Task description
Under this line is a listing; return exactly the lines starting at the one with "MEDca Body Fat" and running down to the one with "Cropped jacket with", and leave out its pictures.
***** Input for this task
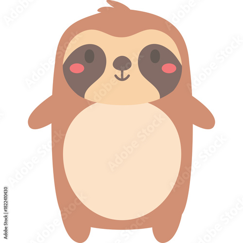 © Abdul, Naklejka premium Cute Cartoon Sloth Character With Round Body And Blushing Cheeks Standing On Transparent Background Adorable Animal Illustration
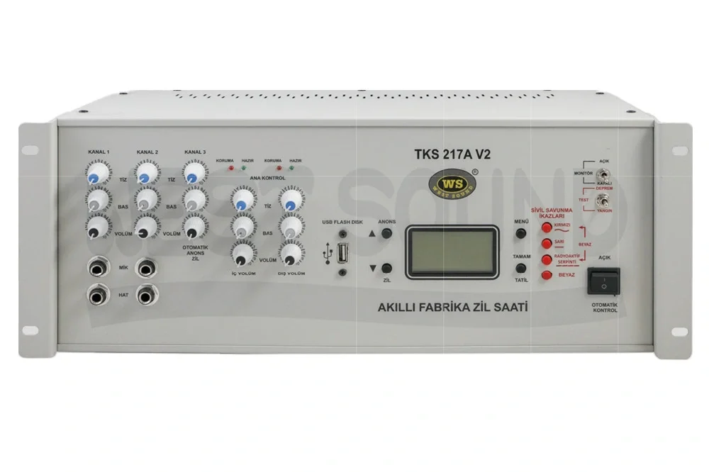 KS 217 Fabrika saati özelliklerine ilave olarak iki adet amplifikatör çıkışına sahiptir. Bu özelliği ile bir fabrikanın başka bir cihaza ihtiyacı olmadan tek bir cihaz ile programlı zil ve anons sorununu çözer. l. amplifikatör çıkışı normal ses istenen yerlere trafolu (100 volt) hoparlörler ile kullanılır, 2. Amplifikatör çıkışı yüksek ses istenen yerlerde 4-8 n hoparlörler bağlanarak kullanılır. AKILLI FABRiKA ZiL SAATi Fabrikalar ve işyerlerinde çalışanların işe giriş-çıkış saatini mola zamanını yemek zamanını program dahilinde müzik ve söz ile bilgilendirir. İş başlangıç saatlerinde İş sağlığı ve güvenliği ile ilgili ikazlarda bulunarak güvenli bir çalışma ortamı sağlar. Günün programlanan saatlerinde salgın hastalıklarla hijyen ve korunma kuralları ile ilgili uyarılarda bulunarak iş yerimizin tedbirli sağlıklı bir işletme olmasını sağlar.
**********
***** Input for this task
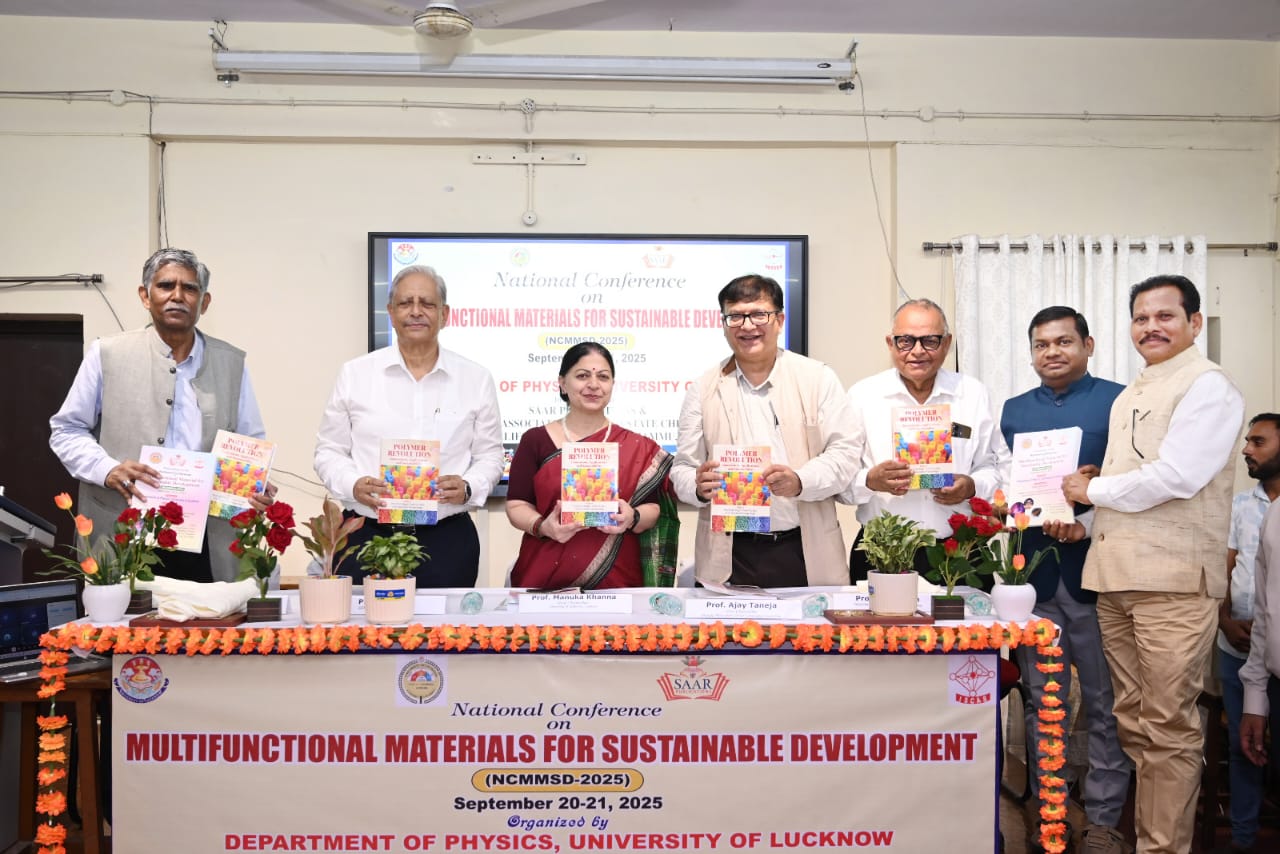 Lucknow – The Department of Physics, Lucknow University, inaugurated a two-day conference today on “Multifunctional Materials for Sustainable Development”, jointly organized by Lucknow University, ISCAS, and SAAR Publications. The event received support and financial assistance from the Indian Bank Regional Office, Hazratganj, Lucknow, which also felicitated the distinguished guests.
**********
***** Input for this task
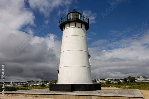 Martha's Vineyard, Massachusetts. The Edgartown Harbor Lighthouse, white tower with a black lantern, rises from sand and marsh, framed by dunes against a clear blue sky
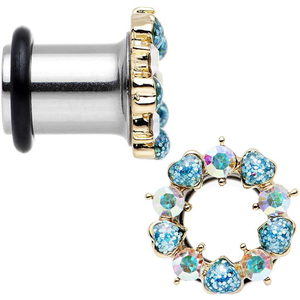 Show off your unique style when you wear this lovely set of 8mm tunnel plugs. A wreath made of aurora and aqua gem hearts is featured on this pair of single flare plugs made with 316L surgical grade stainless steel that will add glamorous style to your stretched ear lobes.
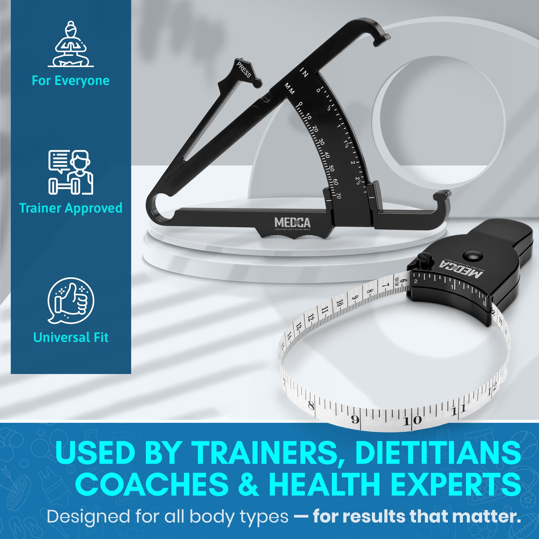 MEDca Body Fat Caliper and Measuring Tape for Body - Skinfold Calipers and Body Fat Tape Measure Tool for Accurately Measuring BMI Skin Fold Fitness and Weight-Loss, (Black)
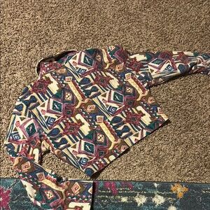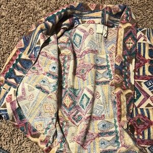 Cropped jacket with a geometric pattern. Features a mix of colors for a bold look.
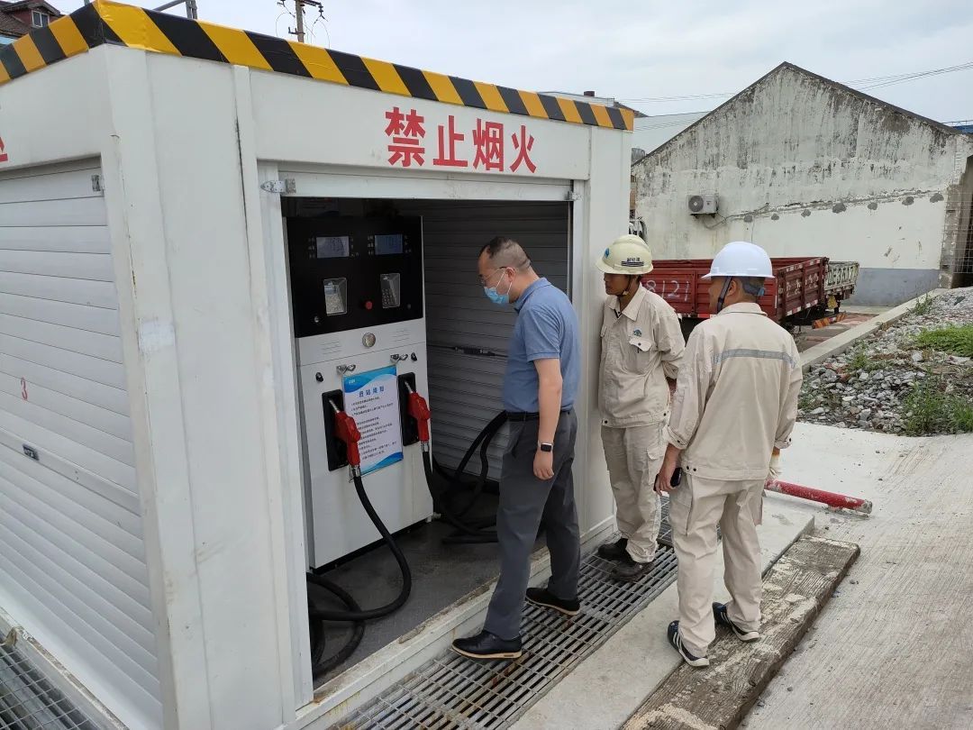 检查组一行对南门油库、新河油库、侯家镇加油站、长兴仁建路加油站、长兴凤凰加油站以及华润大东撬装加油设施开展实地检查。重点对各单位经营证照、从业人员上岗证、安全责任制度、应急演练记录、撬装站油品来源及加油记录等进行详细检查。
**********
Solution to this problem
 MEDca Body Fat Caliper and Measuring Tape for Body - Skinfold Calipers and Body Fat Tape Measure Tool for Accurately Measuring BMI Skin Fold Fitness and Weight-Loss, (Black)
 Cropped jacket with a geometric pattern. Features a mix of colors for a bold look.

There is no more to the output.